Sahni, a screenwriter, was inspired by the India women's national field hockey team's win at the 2002 Commonwealth Games to develop Chak De! Indias script after reading about it in a newspaper. The screenplay was fictional and the characters, while inspired by the real team and coaches, were invented by Sahni. Kabir Khan's struggles bore resemblance to those faced by real-life hockey player Mir Ranjan Negi, although Sahni was unaware of Negi's tribulations while writing the script. On the suggestion of Maharaj Krishan Kaushik, then coach of the women's hockey team, Sahni invited Negi to join the film's production team. A combination of professional players and actors were cast as the sixteen team members; workshops were conducted for training the actors in hockey and the players in acting. Kaushik and Negi would train Sahni, Khan and the other cast members over a period of six months. The sports scenes were choreographed by Rob Miller, and the soundtrack was composed by Salim–Sulaiman, with lyrics written by Sahni.

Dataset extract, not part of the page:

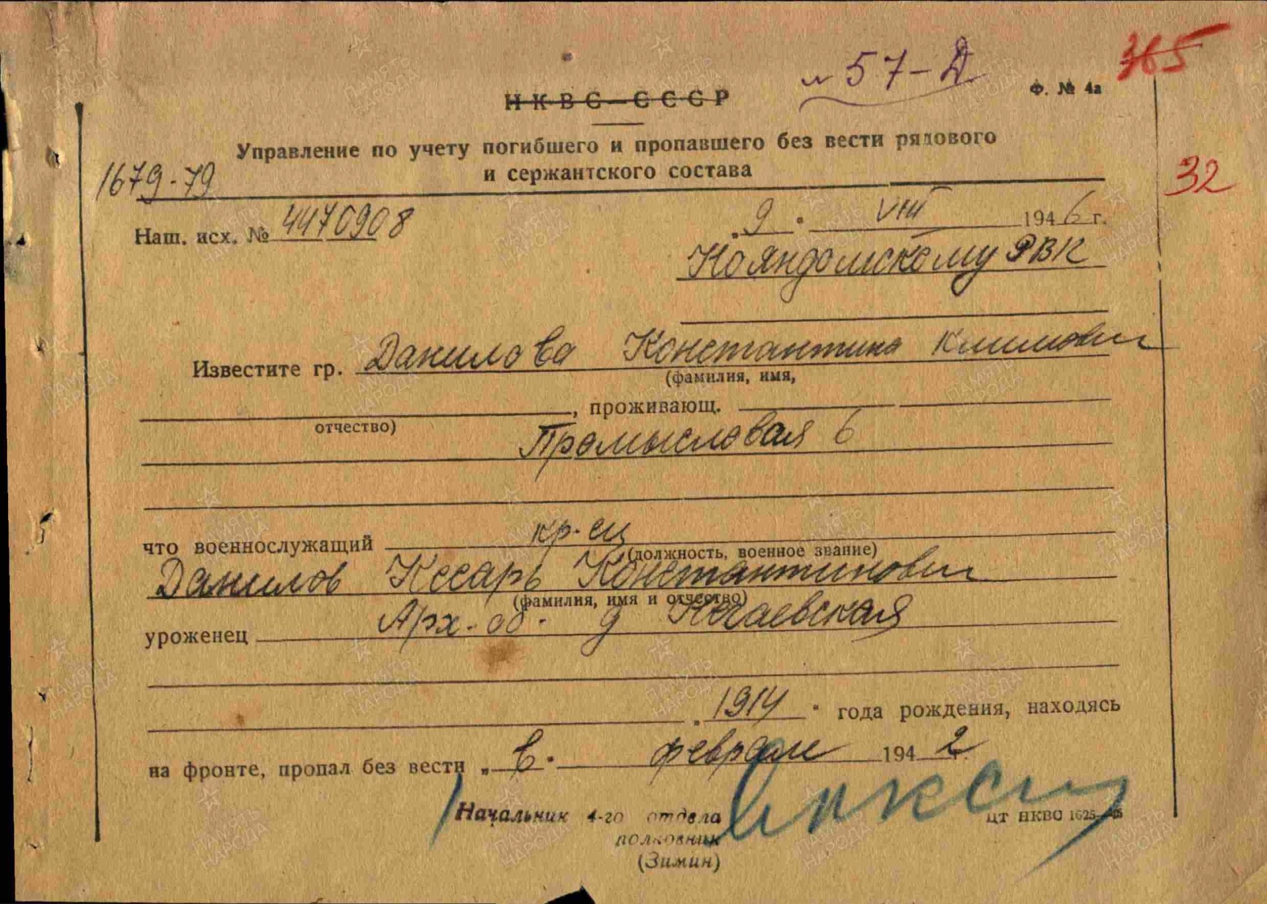 Любую информацию о семье Данилова Кесаря Константиновича можно сообщить по ссылкам: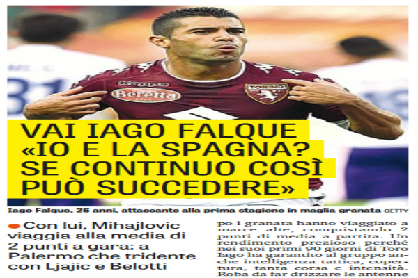 “Iago Falque ci ha preso gusto. Il bomber granata d’autunno ha messo insieme finora 4 gol in 5 partite di campionato, 3 dei quali realizzati nelle ultime 2 uscite contro Roma e Fiorentina; e adesso non ha alcuna intenzione di alzare il piede dall’acceleratore. Un rendimento offensivo cui bisogna aggiungere anche l’assist servito a Martinez al debutto casalingo contro il Bologna. Merito degli schemi di Mihajlovic, l’allenatore che ne ha studiato a fondo le caratteristiche e che ora gli chiede di partire defilato dalla fascia destra lasciandolo però libero di rientrare e di dar sfogo al proprio estro. Oltre ai gol, a promuoverlo a pieni voti sono le statistiche di squadra: i numeri, infatti, dicono che con lui in campo i granata hanno viaggiato a marce alte, conquistando 2 punti di media a partita. Un rendimento prezioso perché nei suoi primi 90 giorni di Toro Iago ha garantito al gruppo anche intelligenza tattica, copertura, tanta corsa e intensità. Roba da far drizzare le antenne anche al c.t. spagnolo Lopetegui che sta portando avanti l’opera di rinnovamento fra le Furie Rosse. CHANCE NAZIONALE Lui, Iago, strizza l’occhio alla nazionale ma sa bene che la strada per ritagliarsi uno spazio passa attraverso il granata: «Certo, anche perché sono partito bene, faccio gol, ma so che la nazionale ha tanti giocatori fortissimi. E allora io ci provo ma sono realista; però se procedo con questa mediagol una chance me la potrei meritare anch’io». Lunedì sera, a Palermo, Iago potrebbe mettere un altro tassello nella marcia di avvicinamento alla Roja, sfruttando anche il rientro dal 1’ di Ljajic. Il fatto di dover fare i conti con il talento serbo e con l’ex di turno Belotti potrebbe infatti allentare la guardia rosanera nei confronti dello spagnolo. E la Fiorentina sa bene quando Iago sia letale quando si tratta di approfittare della minima sbavatura avversaria per apporre la propria firma”. Questo quanto si legge sull’edizione odierna de “La Gazzetta dello Sport”.

Chak De! India released in India on 10 August 2007, coinciding with the country's 60th Independence Day, and grossed  on a  budget, thus becoming the third-highest grossing Hindi film of 2007. It received widespread critical acclaim upon release, with praise for its direction, story, screenplay, dialogues, feminist themes, and performances of the cast, with high praise directed towards Khan's performance. A recipient of numerous accolades, Chak De! India won the National Film Award for Best Popular Film Providing Wholesome Entertainment at the 55th National Film Awards. It received a leading 10 nominations at the 53rd Filmfare Awards, including Best Film, Best Director (Amin) and Best Supporting Actress (Shukla), and won a leading 5 awards, including Best Film (Critics) and Best Actor (Khan). The title song remains highly popular and prominent in Indian popular culture and is played at sporting events regularly. Considered one of Khan's career-best performances, Chak De! India also proved to be socially impactful in India; its success brought about the re-organisation of the Indian Hockey Federation in April 2008, and former player Aslam Sher Khan pointed to the film as a model for the Indian team to work towards.

Plot
Chak De! India opens in Delhi during the final minutes of a Hockey World Cup match between Pakistan and India, with Pakistan leading 1–0. When Indian team captain Kabir Khan is fouled, he takes a penalty stroke. His shot just misses, causing India to lose the match. Soon afterwards, media outlets circulate a photograph of Khan shaking hands with the Pakistani captain. The sporting gesture is misunderstood, and Khan is suspected of throwing the game out of sympathy towards Pakistan. Religious prejudice forces him and his mother to leave town.

Seven years later Mr. Tripathi, the head of India's hockey association, meets with field hockey advocate Uttam Singh to discuss the Indian women's hockey team. According to Tripathi, the team has no future since the only long-term role for women is to "cook and clean". Uttam, however, tells him that Kabir Khan wants to coach the team. Initially sceptical, Tripathi agrees to the arrangement.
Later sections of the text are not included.